He stood at the crossroads of love, torn between the magnetic pull of past perfection and the raw, messy beauty of present connection. His ex, a symbol of stability and success, haunted his thoughts with all she represented — confidence, security, and a love once shared. Yet, it was the new girl, flawed but fiercely devoted, who stirred his heart with intimacy, presence, and genuine warmth, creating a world where family and love intertwined despite the shadows of her past.
In this silent battle between head and heart, he wrestled with the fear of regret — the haunting question of whether choosing passion over practicality would lead to a lifetime of “what ifs.” Caught between two worlds, he sought clarity, desperate for someone to cut through the confusion and reveal the truth: was he chasing a fool’s dream, or finally following the call of his soul?

My ex came to see me last night.










As noted by relationship expert Esther Perel, ‘We are drawn to people who are familiar, yet we are also drawn to people who are a mystery.’ This situation perfectly illustrates the tension between familiarity (the ex) and mystery/novelty (the new partner), complicated by the desire for both stability and passion.
The Original Poster (OP) is engaging in a common relationship trap: comparing a current, developing reality with an idealized, past memory, or comparing a potential future based on external metrics (the ex) against a present based on internal experience (the new partner). The ex represents ‘checklist compatibility’—she meets established criteria for stability (home, car, finances). The OP’s hesitation stems from a fear of opportunity cost, worrying he is settling for less on paper. Conversely, the new partner satisfies needs related to intimacy, sexual compatibility, and integration with his social circle (family approval). Her past infidelity, while acknowledged, remains a psychological hurdle for the OP, suggesting unresolved trust or judgment issues are coloring his perception of her current worthiness.
The OP’s focus on the ’80/20 rule’ suggests he correctly identifies that the crucial 20% (intimacy, connection, family alignment) is what truly drives his long-term happiness, even if the 80% (stability) seems safer. In modern relationship psychology, sustained compatibility often rests more heavily on shared values and emotional labor than on absolute financial parity. A constructive recommendation would be for the OP to clearly define his non-negotiable core values for a life partner (beyond superficial markers). If shared values and high intimacy are paramount, he must fully accept the current financial risks associated with the new partner or actively work with her to address them, rather than using those risks as an excuse to revert to the familiar, but emotionally lacking, ex.
THIS STORY SHOOK THE INTERNET – AND REDDITORS DIDN’T HOLD BACK.

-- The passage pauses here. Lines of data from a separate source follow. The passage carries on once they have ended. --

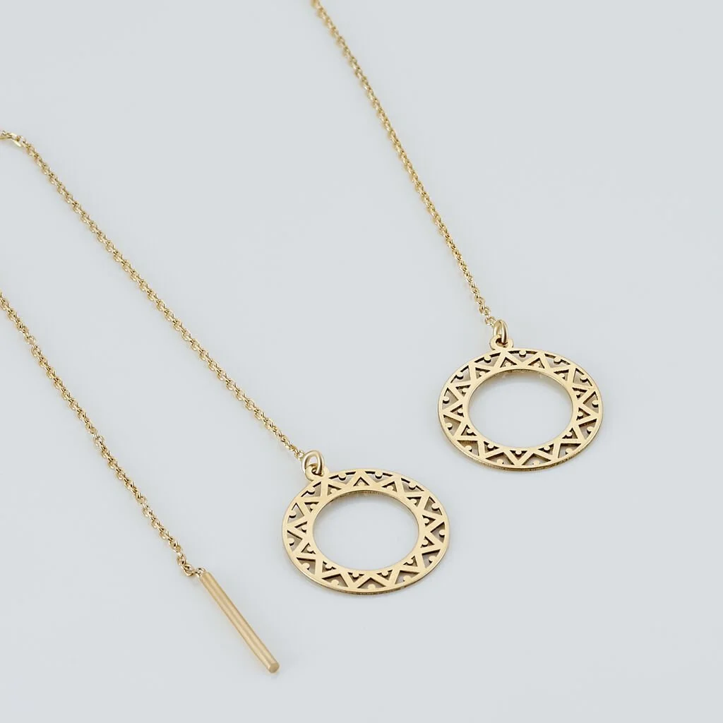 Boucles D’oreilles Or Jaune 375/1000 Double Pendantes Forme Esprit Oriental Chaine Maille Jaseron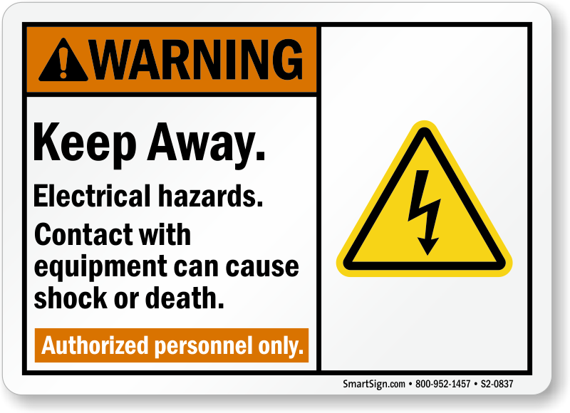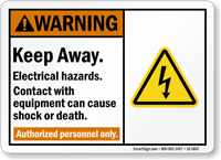ANSI Warning Sign: Keep Away - Electrical Hazards, Contact With Equipment Can Cause Shock Or Death. Authorized Personnel Only S2-0837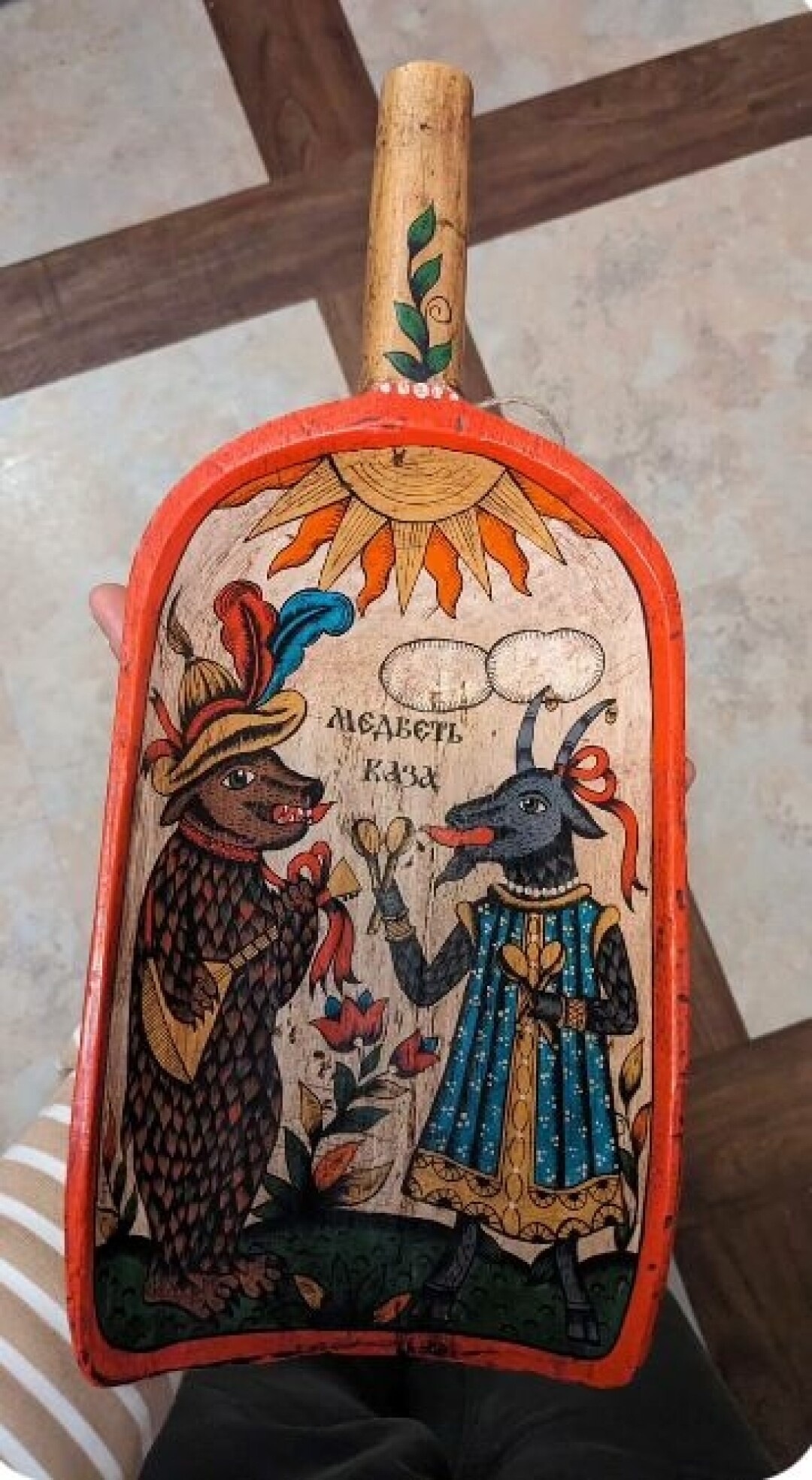 Я второй год покупаю на арт-мире работы из мастерской «Сто лет в обед». Они реставрируют старинные предметы деревенского быта, найденные в разных уголках страны. Они дают новую жизнь и новое прочтение таким вещицам, нанося на предметы уникальные художественные образы.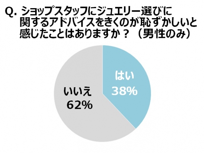 <ジュエリー迷子>にならないようジュエリーショップでスタッフのアドバイスをきくことも対策の一つと言えますが、そもそも「ジュエリーショップに入りづらい」と思う男性は55%。さらに「ショップスタッフにジュエリー選びに関するアドバイスをきくのが恥ずかしい」という人も約4割(38%)おり、男性が<ジュエリー迷子>に陥る一因として、ジュエリーショップへの入店やお店での立ち居振る舞いに自信がないことも挙げられると言えるでしょう。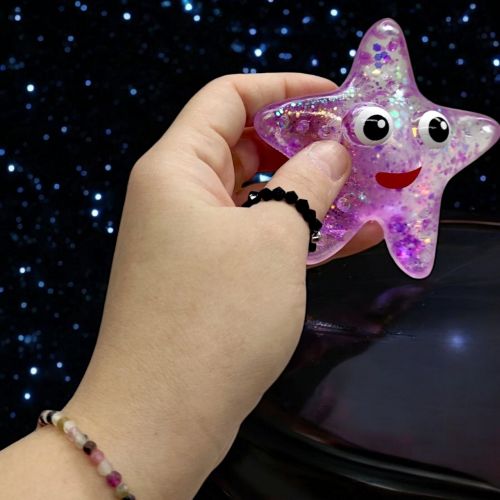Яскрава жуйка-тягнучка для рук у вигляді морської зірочки підніме настрій як малюку, так і дорослому. Виконана із напівпрозорого силікону з блискітками. Іграшку можна стискати, розтягувати, а вона знову прийматиме свою початкову форму. Все завдяки специфічному гелеподібному наповнювачу. Розмір антистресу – 9х9х3 см. Виготовлено з якісних та безпечних матеріалів.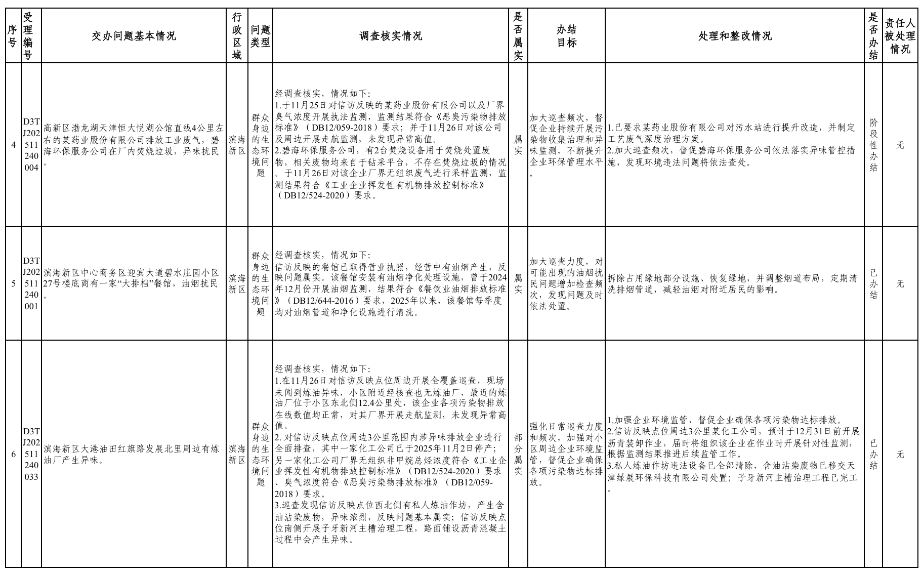 按照中央第二生态环境保护督察组工作要求,12月4日,我区已完成对交办的第六批6件群众信访举报件的调查处理,目前已办结5件,阶段性办结1件。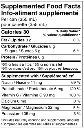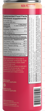 | Filtered water, Sugars (cane sugar, monk fruit juice concentrate), Natural flavours, Citric acid, Fruit and vegetable concentrates for colour (sweet potato, apple, radish, cherry, carrot, blueberry), Potassium citrate, L-theanine, Magnesium glycinate, Ascorbic acid (vitamin C), Niacinamide (vitamin B3), Calcium Pantothenate (vitamin B5) |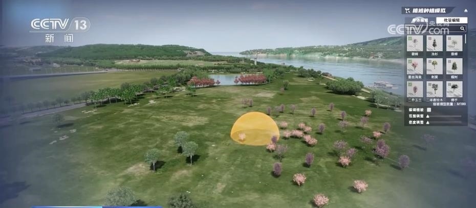 在現(xiàn)場(chǎng),工作人員給記者演示了“生態(tài)大腦”的一種特殊的推演功能。在“數(shù)字廣陽(yáng)島”上的同一片區(qū)域,先后采用兩種不同的植被種植方案,過(guò)了十幾秒,“生態(tài)大腦”就自動(dòng)推演出了10年后這片區(qū)域在不同方案下的植被樣貌。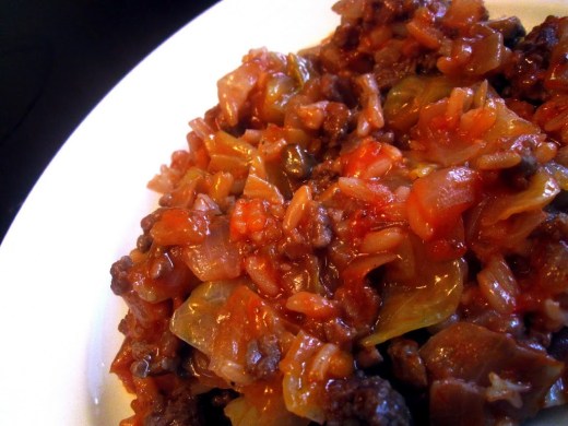Brown beef, onions, garlic. Add crushed tomatoes, water, and soup and bring to boil. Add rice, salt, pepper, nutmeg and worchestershire sauce. Reduce heat, cover and simmer for 20 minutes. Place half of shredded cabbage in a greased baking dish. Cover with half the rice mixture. Repeat layers. Cover and bake at 350 for an hour.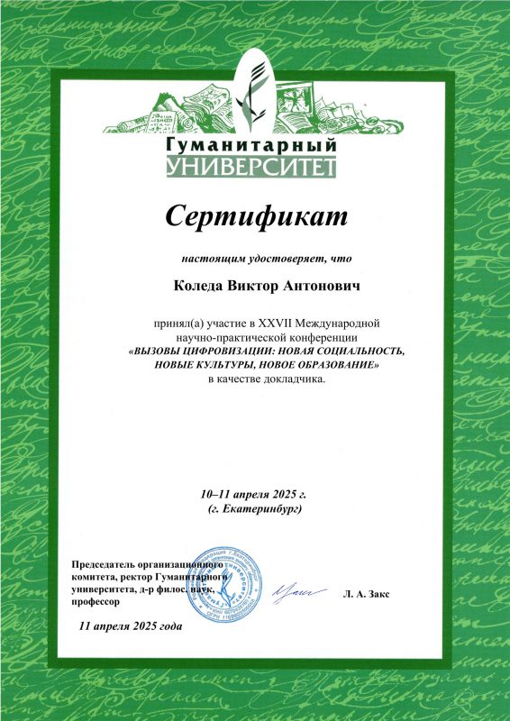 10–11 апреля 2025 года в Автономной некоммерческой организации высшего образования «Гуманитарный университет» (г. Екатеринбург) состоялась XXVII Международная научно-практическая конференция «Вызовы цифровизации: новая социальность, новые культуры, новое образование».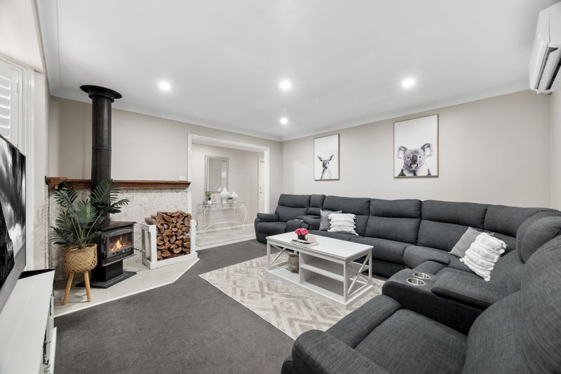 Step inside to discover a modern interior that feels both warm and welcoming. Plantation shutters and roller blinds are fitted throughout, adding a clean, contemporary finish while providing excellent light control and privacy. The main living area is designed for year round comfort, featuring a split system air conditioner and a fireplace, making it the perfect space to relax or entertain no matter the season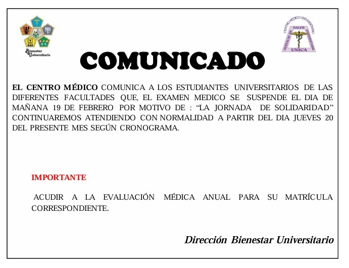 #centromedico | Centro médico comunica a los estudiantes de las diferentes facultades que la atención se suspende el día de mañana 19, por la jornada de solidaridad; se atenderá con normalidad el día jueves 20 del presente mes.

The individual is caught between two relationships, recognizing that his ex-partner appears superior based on external measures like financial stability and conventional attractiveness. However, his current partner offers greater emotional connection, intimacy, and alignment with his family values, creating a significant internal conflict between logic and emotional fulfillment.
Given the stark contrast between the practical advantages offered by the ex and the deep intimacy provided by the new partner, the core question remains: Is prioritizing measurable external success worth sacrificing profound emotional connection and intimacy, or will choosing the heart over the ‘better candidate’ ultimately lead to regret?